Work task: Everything in the listing below must be set down again exactly, apart from the pictures.

Material shown:
Start of Block
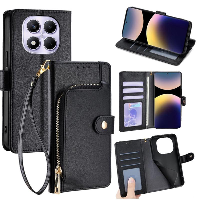 For Redmi Note 14 Pro 4G Zipper Bag Leather Phone Case(Black)
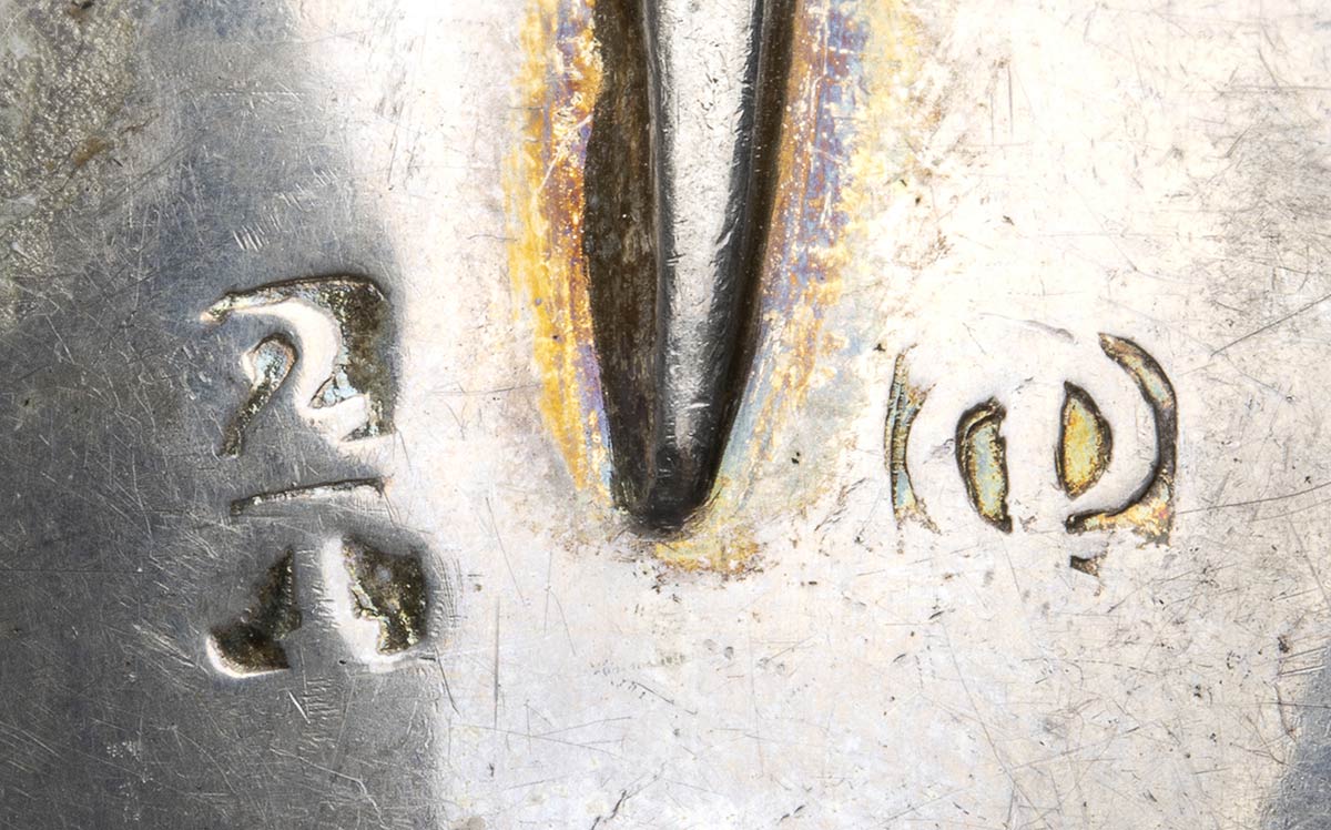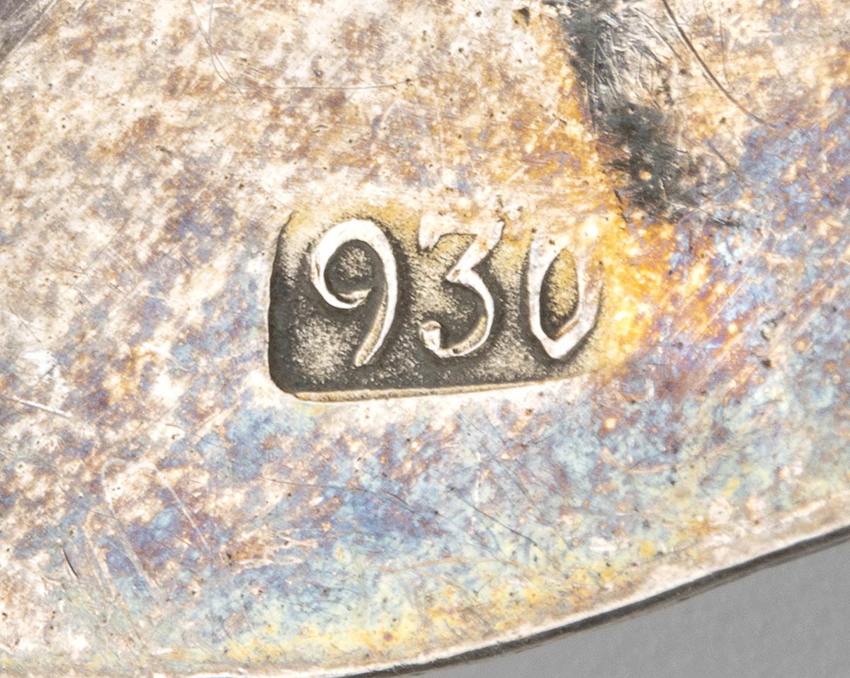 3) punzonato con i marchi olandesi del 1891 per l'argento al titolo di 934/1000 e con la serie competa di marchi di importazione a Chester nel 1891-1892, importatore I S Greenberg & Co (Israel Sigmund Greenberg), lunghezza 12 cm, peso 24 gr;
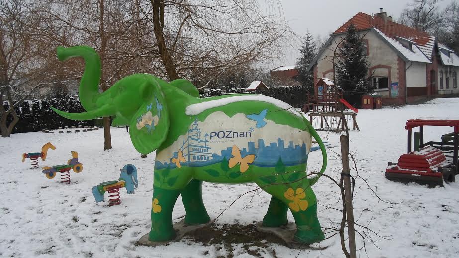 Przedszkole w Morasku. Zielony słoń. Ale jakoś nie bardzo. Po pierwsze tylko jeden, a po drugie: gdzie kokardka?
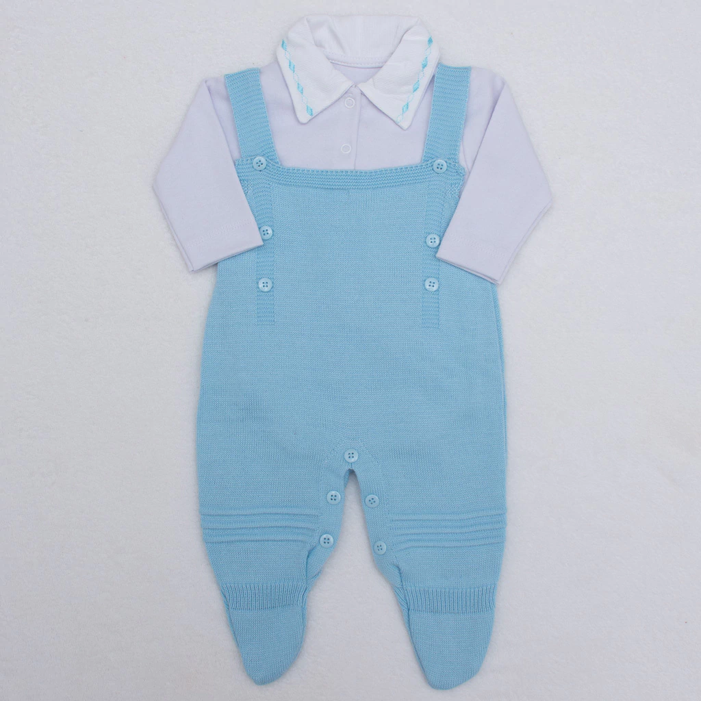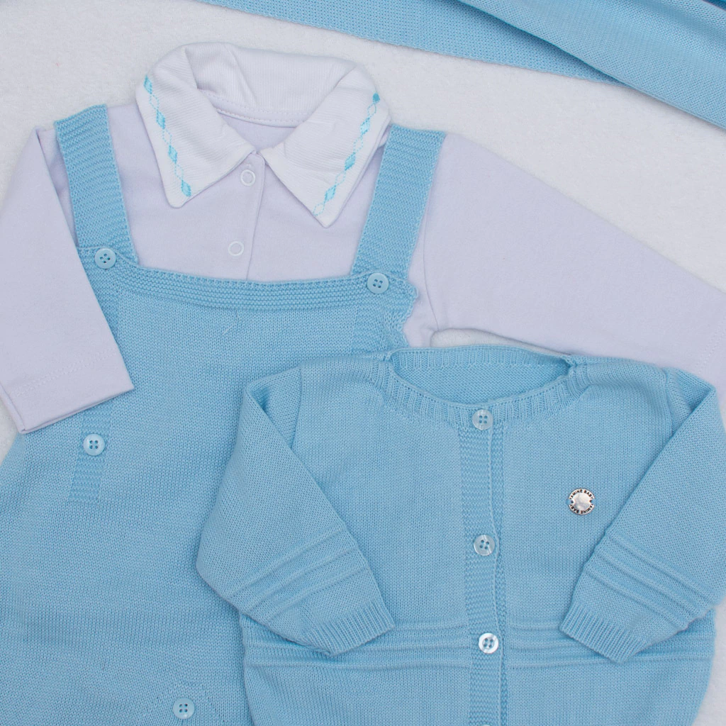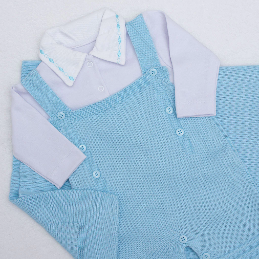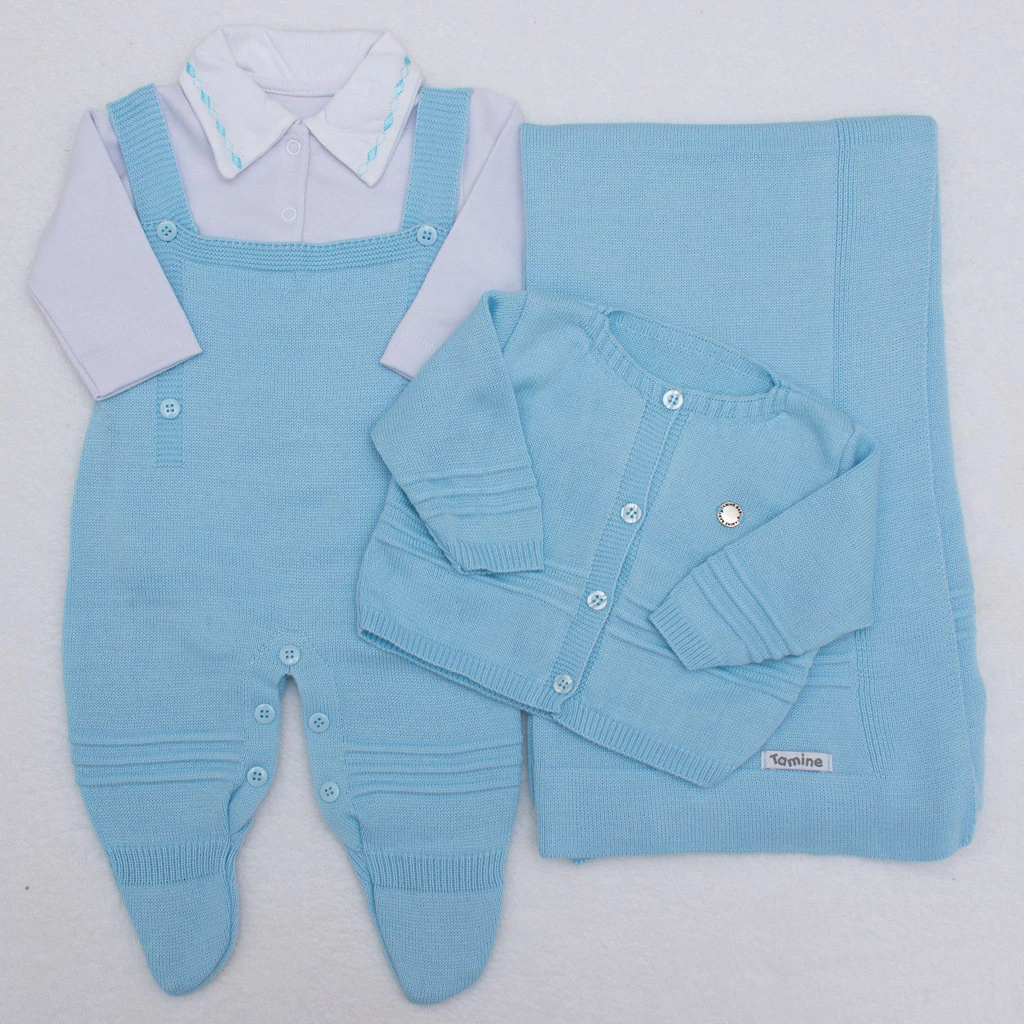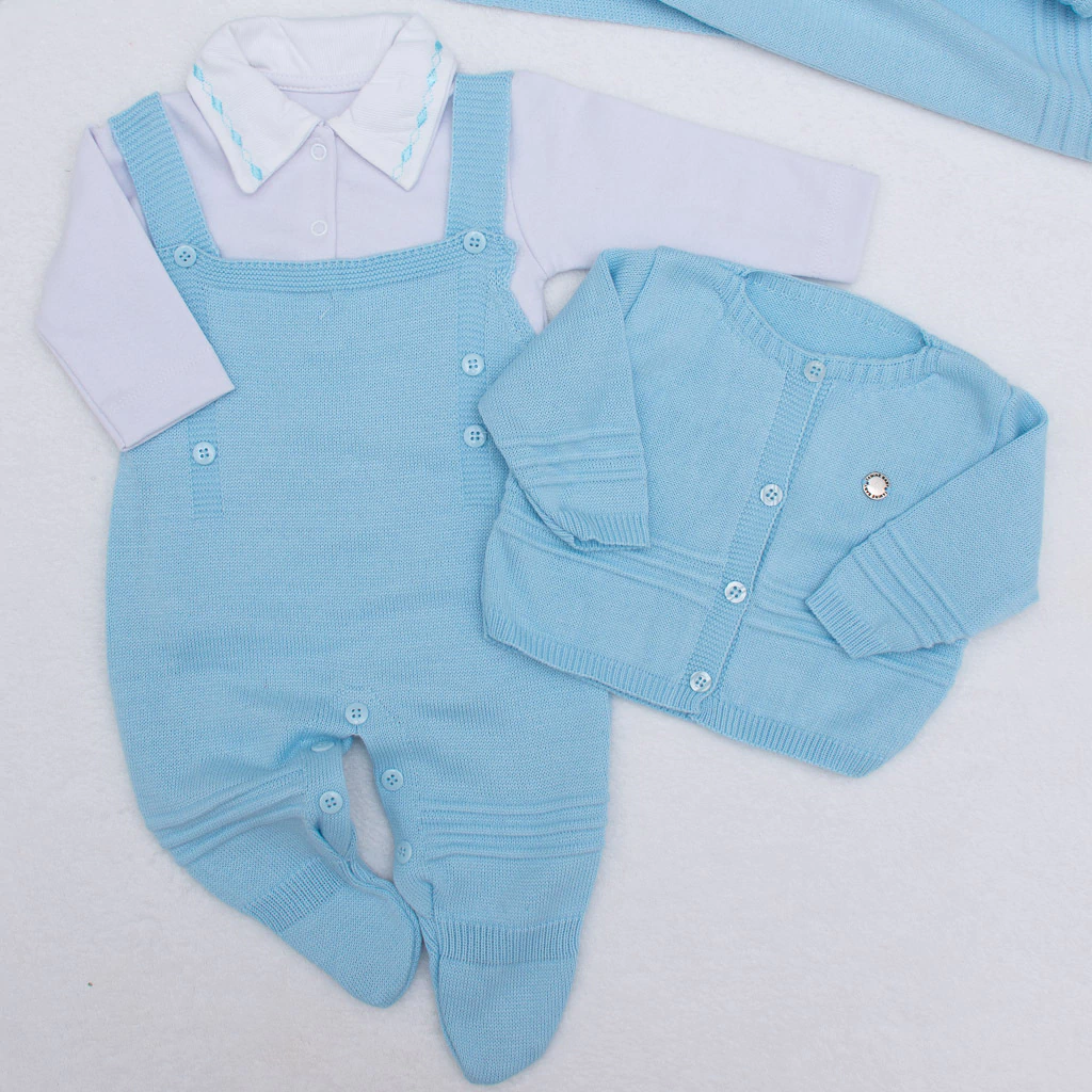 Kit Saída de Maternidade em Tricot Azul Bebê - Tamanho P
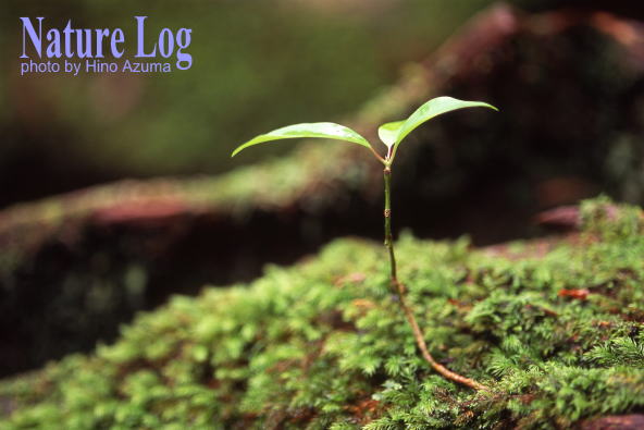 倒木上には、スギだけでなく、照葉樹(樹種は不明)の芽生えも。
End of Block
Completed exercise:
 For Redmi Note 14 Pro 4G Zipper Bag Leather Phone Case(Black)
 3) punzonato con i marchi olandesi del 1891 per l'argento al titolo di 934/1000 e con la serie competa di marchi di importazione a Chester nel 1891-1892, importatore I S Greenberg & Co (Israel Sigmund Greenberg), lunghezza 12 cm, peso 24 gr;
 Przedszkole w Morasku. Zielony słoń. Ale jakoś nie bardzo. Po pierwsze tylko jeden, a po drugie: gdzie kokardka?
 Kit Saída de Maternidade em Tricot Azul Bebê - Tamanho P
 倒木上には、スギだけでなく、照葉樹(樹種は不明)の芽生えも。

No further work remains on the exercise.